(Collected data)
──────
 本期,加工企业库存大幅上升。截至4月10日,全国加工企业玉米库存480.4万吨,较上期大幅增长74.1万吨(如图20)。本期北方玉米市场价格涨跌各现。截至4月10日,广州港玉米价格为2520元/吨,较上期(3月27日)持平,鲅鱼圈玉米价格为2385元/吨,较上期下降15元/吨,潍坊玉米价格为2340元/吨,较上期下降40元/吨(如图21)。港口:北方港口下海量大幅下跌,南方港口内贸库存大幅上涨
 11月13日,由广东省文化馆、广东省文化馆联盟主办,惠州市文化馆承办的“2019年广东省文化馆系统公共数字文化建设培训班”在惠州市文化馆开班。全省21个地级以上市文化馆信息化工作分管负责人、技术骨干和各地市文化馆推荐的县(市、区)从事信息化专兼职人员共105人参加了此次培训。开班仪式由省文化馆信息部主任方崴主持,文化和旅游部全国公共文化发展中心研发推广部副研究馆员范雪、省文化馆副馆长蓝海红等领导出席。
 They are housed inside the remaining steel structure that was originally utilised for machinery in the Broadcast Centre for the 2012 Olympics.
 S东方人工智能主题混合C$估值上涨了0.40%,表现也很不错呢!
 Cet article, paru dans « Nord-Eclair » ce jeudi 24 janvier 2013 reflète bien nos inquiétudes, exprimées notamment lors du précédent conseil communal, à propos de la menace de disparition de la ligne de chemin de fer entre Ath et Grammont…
──────
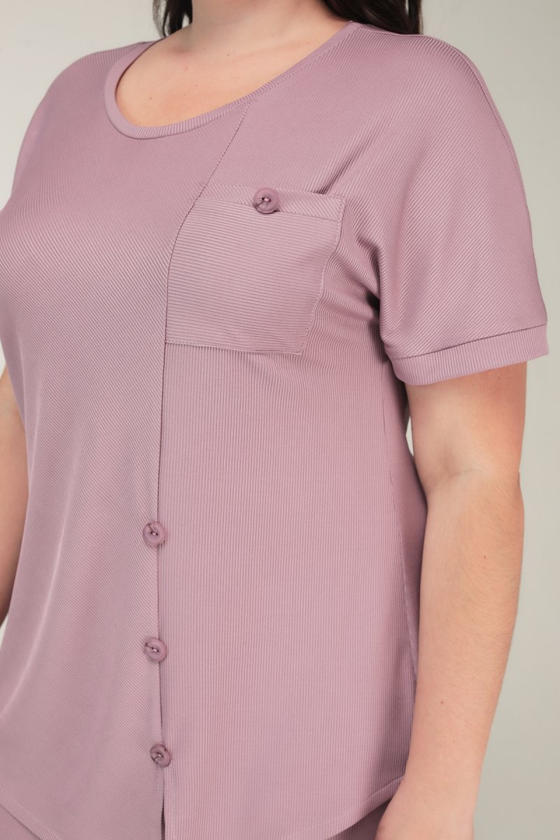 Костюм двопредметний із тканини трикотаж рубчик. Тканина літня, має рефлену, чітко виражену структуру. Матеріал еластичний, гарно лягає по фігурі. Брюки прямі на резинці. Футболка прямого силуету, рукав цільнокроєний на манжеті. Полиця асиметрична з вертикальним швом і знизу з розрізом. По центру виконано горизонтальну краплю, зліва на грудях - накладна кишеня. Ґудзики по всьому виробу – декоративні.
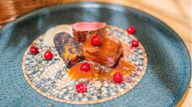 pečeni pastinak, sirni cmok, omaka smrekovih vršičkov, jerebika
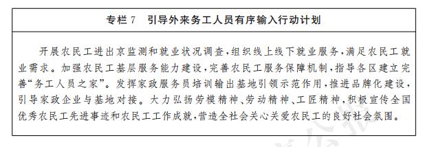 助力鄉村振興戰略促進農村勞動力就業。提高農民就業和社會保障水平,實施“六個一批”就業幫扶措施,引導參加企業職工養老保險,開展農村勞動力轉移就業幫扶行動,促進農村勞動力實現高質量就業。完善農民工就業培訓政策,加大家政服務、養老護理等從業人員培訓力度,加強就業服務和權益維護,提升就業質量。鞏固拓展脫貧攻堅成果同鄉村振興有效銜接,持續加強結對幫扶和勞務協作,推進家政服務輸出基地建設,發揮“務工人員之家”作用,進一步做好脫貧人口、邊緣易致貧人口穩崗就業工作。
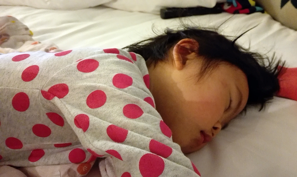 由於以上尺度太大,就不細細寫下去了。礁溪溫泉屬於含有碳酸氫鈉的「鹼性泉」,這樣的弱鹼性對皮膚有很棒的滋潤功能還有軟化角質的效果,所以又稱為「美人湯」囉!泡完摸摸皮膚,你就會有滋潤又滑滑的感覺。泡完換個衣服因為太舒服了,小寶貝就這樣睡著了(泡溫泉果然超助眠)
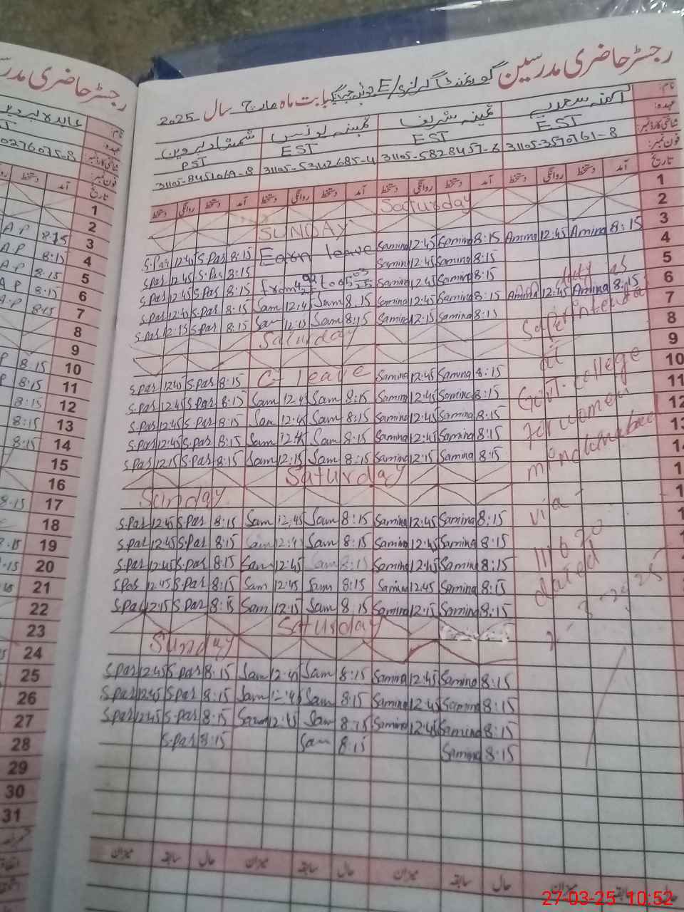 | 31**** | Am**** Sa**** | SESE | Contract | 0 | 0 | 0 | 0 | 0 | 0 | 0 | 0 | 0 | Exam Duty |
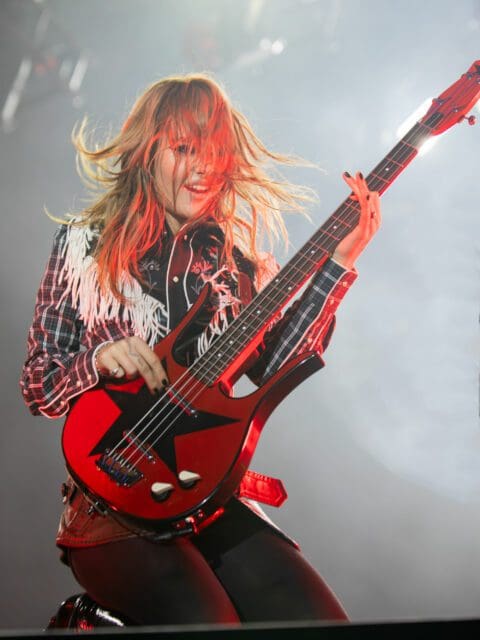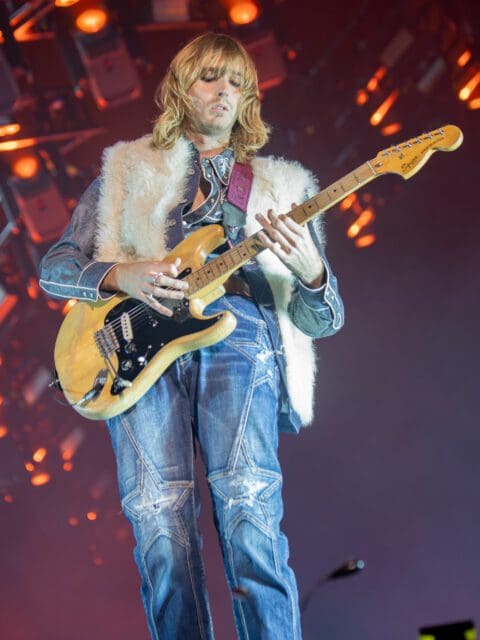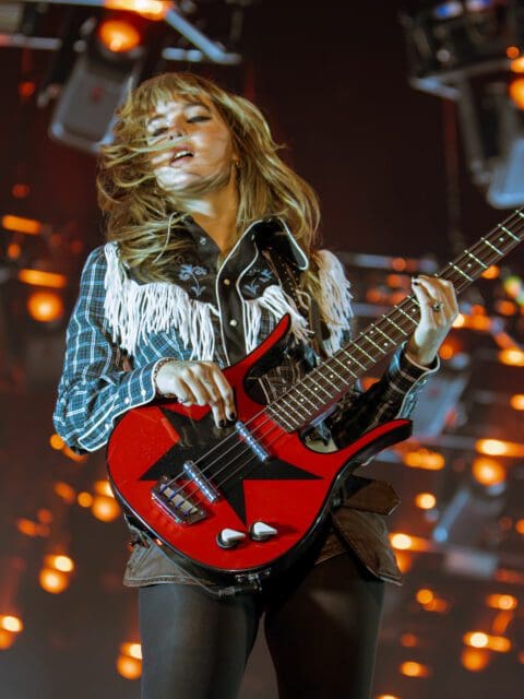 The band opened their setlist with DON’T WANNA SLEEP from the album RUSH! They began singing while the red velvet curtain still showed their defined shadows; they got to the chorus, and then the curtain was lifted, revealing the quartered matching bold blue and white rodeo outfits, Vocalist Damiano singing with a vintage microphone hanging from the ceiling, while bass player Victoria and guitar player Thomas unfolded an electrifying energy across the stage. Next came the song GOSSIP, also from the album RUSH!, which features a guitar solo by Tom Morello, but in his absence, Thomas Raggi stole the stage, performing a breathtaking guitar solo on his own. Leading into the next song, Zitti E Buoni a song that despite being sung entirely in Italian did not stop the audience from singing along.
──────
*PROMPT*: Reproduce the data above exactly, but only from the line containing "Костюм двопредметний із" through the line containing "助力鄉村振興戰略促進農村勞動"; skip the pictures.

*ANSWER BOX*:
 Костюм двопредметний із тканини трикотаж рубчик. Тканина літня, має рефлену, чітко виражену структуру. Матеріал еластичний, гарно лягає по фігурі. Брюки прямі на резинці. Футболка прямого силуету, рукав цільнокроєний на манжеті. Полиця асиметрична з вертикальним швом і знизу з розрізом. По центру виконано горизонтальну краплю, зліва на грудях - накладна кишеня. Ґудзики по всьому виробу – декоративні.
 pečeni pastinak, sirni cmok, omaka smrekovih vršičkov, jerebika
 助力鄉村振興戰略促進農村勞動力就業。提高農民就業和社會保障水平,實施“六個一批”就業幫扶措施,引導參加企業職工養老保險,開展農村勞動力轉移就業幫扶行動,促進農村勞動力實現高質量就業。完善農民工就業培訓政策,加大家政服務、養老護理等從業人員培訓力度,加強就業服務和權益維護,提升就業質量。鞏固拓展脫貧攻堅成果同鄉村振興有效銜接,持續加強結對幫扶和勞務協作,推進家政服務輸出基地建設,發揮“務工人員之家”作用,進一步做好脫貧人口、邊緣易致貧人口穩崗就業工作。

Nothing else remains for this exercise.